## EXERCISE PROMPT
The required output is the stretch from the line containing "Another Tomorrow's dress" through the line containing "Moderne Outdoor-Sitzbank aus" in the records below, unaltered and with no pictures.

## ENTRIES SUPPLIED

■ ■ ■

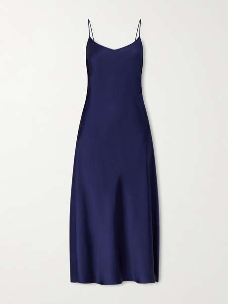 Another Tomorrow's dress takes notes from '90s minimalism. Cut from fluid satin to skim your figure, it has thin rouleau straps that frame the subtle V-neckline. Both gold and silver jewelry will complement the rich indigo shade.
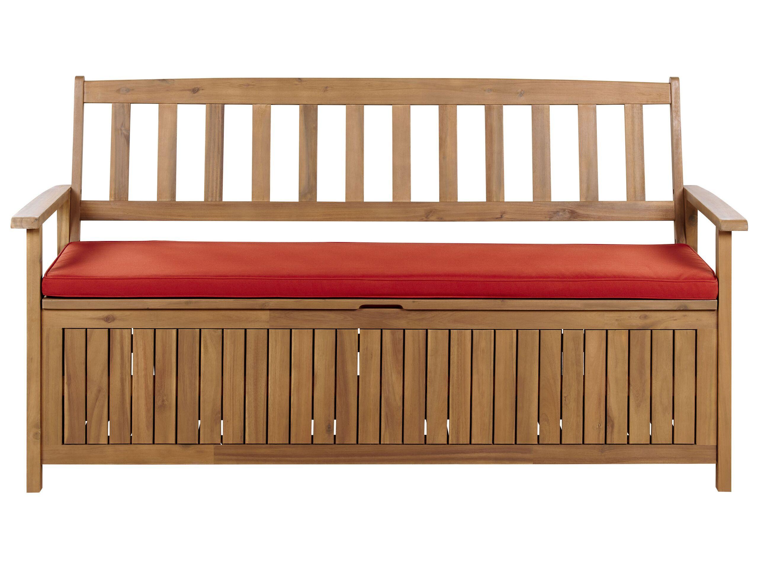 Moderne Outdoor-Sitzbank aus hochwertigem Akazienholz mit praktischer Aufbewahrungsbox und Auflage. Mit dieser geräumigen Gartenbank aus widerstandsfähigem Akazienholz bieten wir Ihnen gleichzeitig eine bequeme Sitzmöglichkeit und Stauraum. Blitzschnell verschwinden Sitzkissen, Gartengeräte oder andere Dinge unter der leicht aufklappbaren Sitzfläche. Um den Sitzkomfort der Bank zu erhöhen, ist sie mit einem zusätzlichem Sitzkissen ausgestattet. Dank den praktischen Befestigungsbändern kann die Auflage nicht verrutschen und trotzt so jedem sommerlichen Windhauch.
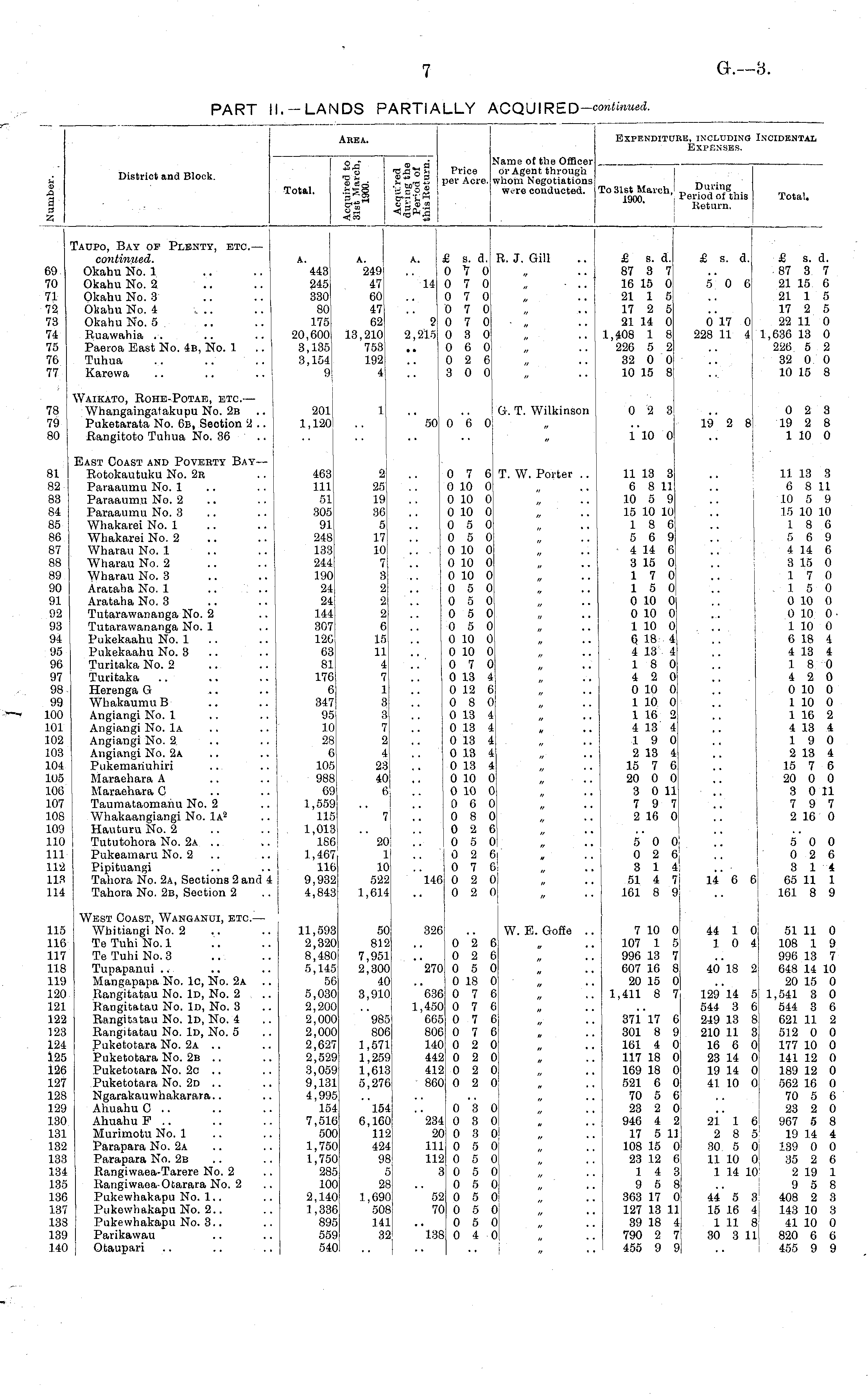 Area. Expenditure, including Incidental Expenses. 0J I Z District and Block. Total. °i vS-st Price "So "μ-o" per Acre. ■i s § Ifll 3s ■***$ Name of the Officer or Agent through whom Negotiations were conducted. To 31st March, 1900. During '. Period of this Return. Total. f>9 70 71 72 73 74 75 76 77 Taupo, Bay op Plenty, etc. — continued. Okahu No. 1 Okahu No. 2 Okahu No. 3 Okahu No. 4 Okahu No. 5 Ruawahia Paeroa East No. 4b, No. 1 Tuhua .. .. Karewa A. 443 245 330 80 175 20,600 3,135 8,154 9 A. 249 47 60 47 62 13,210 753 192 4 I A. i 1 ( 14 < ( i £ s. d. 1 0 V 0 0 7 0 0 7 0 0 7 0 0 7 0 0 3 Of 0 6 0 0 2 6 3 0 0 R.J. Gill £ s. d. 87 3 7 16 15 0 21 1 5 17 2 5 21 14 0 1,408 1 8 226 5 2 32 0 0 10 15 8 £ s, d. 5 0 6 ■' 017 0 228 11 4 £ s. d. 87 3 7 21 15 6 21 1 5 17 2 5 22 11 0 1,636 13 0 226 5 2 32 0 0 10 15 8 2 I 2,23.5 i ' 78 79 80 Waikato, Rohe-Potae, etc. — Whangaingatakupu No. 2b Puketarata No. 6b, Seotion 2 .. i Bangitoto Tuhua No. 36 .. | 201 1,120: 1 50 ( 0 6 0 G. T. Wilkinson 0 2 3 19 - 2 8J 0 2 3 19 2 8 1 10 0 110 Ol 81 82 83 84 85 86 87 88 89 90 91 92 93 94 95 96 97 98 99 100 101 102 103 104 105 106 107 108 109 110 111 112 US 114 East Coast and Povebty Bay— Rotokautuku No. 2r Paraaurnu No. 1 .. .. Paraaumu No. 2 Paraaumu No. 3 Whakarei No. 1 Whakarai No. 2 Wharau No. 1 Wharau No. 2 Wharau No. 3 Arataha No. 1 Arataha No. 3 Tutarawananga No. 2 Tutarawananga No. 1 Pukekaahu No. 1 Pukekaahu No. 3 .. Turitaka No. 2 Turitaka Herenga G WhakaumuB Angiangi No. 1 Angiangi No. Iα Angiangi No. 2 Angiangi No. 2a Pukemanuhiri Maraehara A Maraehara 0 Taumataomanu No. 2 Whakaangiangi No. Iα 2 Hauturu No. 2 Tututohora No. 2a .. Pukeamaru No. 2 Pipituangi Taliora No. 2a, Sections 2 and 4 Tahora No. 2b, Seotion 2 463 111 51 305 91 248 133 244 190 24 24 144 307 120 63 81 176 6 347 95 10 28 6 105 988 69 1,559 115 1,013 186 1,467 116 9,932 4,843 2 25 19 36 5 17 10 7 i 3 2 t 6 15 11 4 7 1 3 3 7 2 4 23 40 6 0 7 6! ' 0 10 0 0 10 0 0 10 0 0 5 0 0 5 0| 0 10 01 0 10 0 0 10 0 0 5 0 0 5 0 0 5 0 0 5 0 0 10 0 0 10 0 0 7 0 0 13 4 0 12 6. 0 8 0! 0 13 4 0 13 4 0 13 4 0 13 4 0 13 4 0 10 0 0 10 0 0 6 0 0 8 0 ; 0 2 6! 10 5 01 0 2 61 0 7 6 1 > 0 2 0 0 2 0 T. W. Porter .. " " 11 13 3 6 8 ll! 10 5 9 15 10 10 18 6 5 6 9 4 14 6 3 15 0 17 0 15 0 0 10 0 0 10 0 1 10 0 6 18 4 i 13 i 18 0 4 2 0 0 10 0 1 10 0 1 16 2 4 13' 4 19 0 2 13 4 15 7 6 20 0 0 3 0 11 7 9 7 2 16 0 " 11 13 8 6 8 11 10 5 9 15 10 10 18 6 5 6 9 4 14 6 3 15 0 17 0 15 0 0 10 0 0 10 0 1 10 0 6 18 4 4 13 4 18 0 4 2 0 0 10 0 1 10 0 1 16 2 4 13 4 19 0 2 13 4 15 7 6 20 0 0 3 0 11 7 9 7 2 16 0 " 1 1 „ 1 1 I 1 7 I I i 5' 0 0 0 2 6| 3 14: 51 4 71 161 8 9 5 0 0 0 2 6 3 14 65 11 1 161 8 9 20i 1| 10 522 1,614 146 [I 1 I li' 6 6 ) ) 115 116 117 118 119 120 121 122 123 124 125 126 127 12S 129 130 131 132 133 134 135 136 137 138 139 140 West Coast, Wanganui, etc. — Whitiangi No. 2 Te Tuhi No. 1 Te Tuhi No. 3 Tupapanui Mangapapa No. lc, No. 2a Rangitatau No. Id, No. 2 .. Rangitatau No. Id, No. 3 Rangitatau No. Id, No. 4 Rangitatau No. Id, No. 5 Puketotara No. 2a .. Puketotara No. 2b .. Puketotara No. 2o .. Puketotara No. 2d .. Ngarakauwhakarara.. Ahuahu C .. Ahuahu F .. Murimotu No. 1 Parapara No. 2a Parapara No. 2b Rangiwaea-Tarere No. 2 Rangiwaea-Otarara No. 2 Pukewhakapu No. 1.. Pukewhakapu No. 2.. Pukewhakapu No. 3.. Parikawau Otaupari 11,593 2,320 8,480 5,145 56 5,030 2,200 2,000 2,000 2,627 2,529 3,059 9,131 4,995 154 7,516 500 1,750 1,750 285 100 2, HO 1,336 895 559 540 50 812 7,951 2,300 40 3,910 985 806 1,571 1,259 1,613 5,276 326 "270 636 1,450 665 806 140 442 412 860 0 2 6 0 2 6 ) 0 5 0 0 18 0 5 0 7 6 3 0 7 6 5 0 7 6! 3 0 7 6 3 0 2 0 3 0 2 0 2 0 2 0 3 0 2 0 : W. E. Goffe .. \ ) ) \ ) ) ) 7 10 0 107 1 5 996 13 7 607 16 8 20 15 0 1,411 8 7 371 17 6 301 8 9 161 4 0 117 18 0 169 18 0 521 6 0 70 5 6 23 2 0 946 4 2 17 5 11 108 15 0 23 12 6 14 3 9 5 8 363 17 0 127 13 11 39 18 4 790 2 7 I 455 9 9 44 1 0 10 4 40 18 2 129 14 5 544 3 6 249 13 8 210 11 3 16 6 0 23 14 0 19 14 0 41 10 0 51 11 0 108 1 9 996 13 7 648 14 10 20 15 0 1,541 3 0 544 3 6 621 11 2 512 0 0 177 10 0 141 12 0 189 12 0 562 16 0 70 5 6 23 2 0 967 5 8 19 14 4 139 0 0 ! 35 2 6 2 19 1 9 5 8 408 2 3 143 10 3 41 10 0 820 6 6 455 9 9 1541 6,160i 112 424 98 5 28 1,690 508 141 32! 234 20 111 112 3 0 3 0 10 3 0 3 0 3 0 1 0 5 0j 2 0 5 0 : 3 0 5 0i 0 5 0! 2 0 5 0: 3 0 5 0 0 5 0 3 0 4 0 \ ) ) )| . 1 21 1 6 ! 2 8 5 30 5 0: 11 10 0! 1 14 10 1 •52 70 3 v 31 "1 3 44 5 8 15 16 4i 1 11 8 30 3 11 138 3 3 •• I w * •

■ ■ ■

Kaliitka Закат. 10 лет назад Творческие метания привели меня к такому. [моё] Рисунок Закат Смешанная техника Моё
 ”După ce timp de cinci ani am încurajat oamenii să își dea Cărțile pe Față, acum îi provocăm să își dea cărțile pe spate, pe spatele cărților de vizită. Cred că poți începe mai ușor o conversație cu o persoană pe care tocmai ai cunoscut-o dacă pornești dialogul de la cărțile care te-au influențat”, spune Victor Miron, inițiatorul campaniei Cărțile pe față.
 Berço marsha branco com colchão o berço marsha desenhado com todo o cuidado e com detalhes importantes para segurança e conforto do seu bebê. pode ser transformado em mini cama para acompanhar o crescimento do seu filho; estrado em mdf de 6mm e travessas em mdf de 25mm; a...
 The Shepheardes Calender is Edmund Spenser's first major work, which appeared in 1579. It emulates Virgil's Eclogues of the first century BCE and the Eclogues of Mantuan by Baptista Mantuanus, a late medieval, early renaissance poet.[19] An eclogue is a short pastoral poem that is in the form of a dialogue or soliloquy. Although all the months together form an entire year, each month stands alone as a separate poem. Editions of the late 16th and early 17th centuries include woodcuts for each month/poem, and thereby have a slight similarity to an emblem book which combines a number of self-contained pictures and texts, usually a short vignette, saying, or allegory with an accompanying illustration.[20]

■ ■ ■

## RESPONSE TO THIS TASK
 Another Tomorrow's dress takes notes from '90s minimalism. Cut from fluid satin to skim your figure, it has thin rouleau straps that frame the subtle V-neckline. Both gold and silver jewelry will complement the rich indigo shade.
 Moderne Outdoor-Sitzbank aus hochwertigem Akazienholz mit praktischer Aufbewahrungsbox und Auflage. Mit dieser geräumigen Gartenbank aus widerstandsfähigem Akazienholz bieten wir Ihnen gleichzeitig eine bequeme Sitzmöglichkeit und Stauraum. Blitzschnell verschwinden Sitzkissen, Gartengeräte oder andere Dinge unter der leicht aufklappbaren Sitzfläche. Um den Sitzkomfort der Bank zu erhöhen, ist sie mit einem zusätzlichem Sitzkissen ausgestattet. Dank den praktischen Befestigungsbändern kann die Auflage nicht verrutschen und trotzt so jedem sommerlichen Windhauch.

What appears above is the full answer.